The Cray Scientific Libraries package, LibSci, is available on Franklin. Libsci includes BLAS, LAPACK, ScaLAPACK, BLACS, and SuperLU routines.

SuperLu User's Guide, LAPACK, ScaLAPACK, BLAS, and BLACS man pages

The LibSci module is automatically loaded upon login. The compiler wrappers (ftn, CC, cc) will automatically load and link to the LibSci library.

BLAS and LAPACK functionality included in LibSci contains Cray custom routines combined with the University of Texas' libGoto library. BLAS and LAPACK from LibSci are preferred and default functions than the corresponding BLAS and LAPAC functions provided in ACML. Threaded BLAS in LibSci can be used by setting the GOTO_NUM_THREADS for Franklin and by using the appropriate Torque options for using less than 4 MPI tasks per node for your job.

Scalapack in LibSci is also supported in mixed mode, i.e. MPI parallelism across compute nodes with threaded BLAS level parallelism on cores within a node.

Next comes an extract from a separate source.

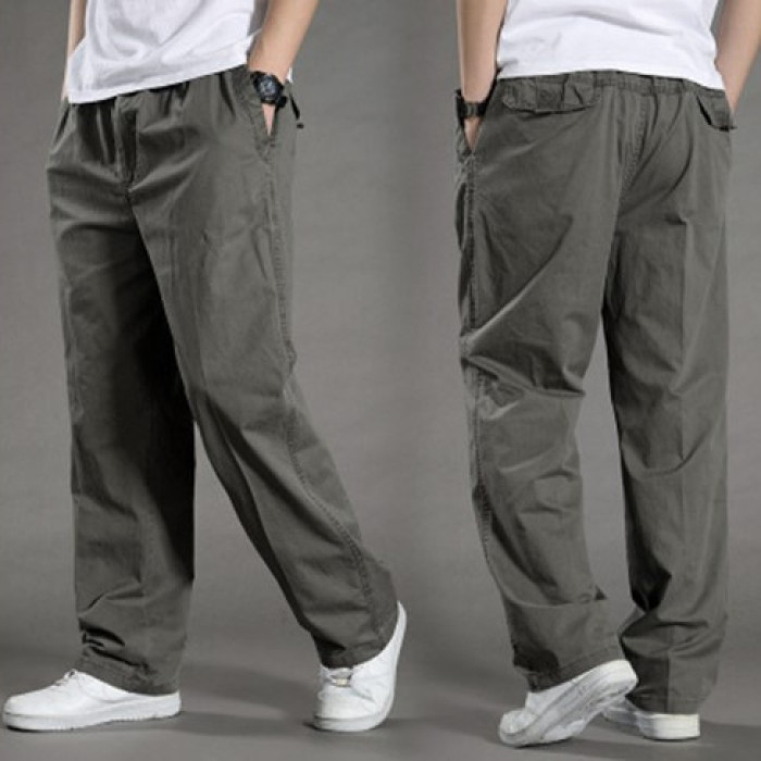 春秋薄款男式休閒褲加大工裝褲大碼寬松男長褲子爆款主推版松緊腰

The code needs to be linked with libsci_mp library via "-lsci_mp". This is performed via compile and runtime options, and environment variables, as follows: 1) adjust the process grid dimensions in ScaLAPACK to account for the decrease in BLACS nodes; 2) ensure that the number of BLACS processes required is equal to the number of nodes required, NOT equal to the number of cores; 3) link with libsci_mp library via "-lsci_mp". 4) set GOTO_NUM_THREADS in the PBS job script used to launch the job.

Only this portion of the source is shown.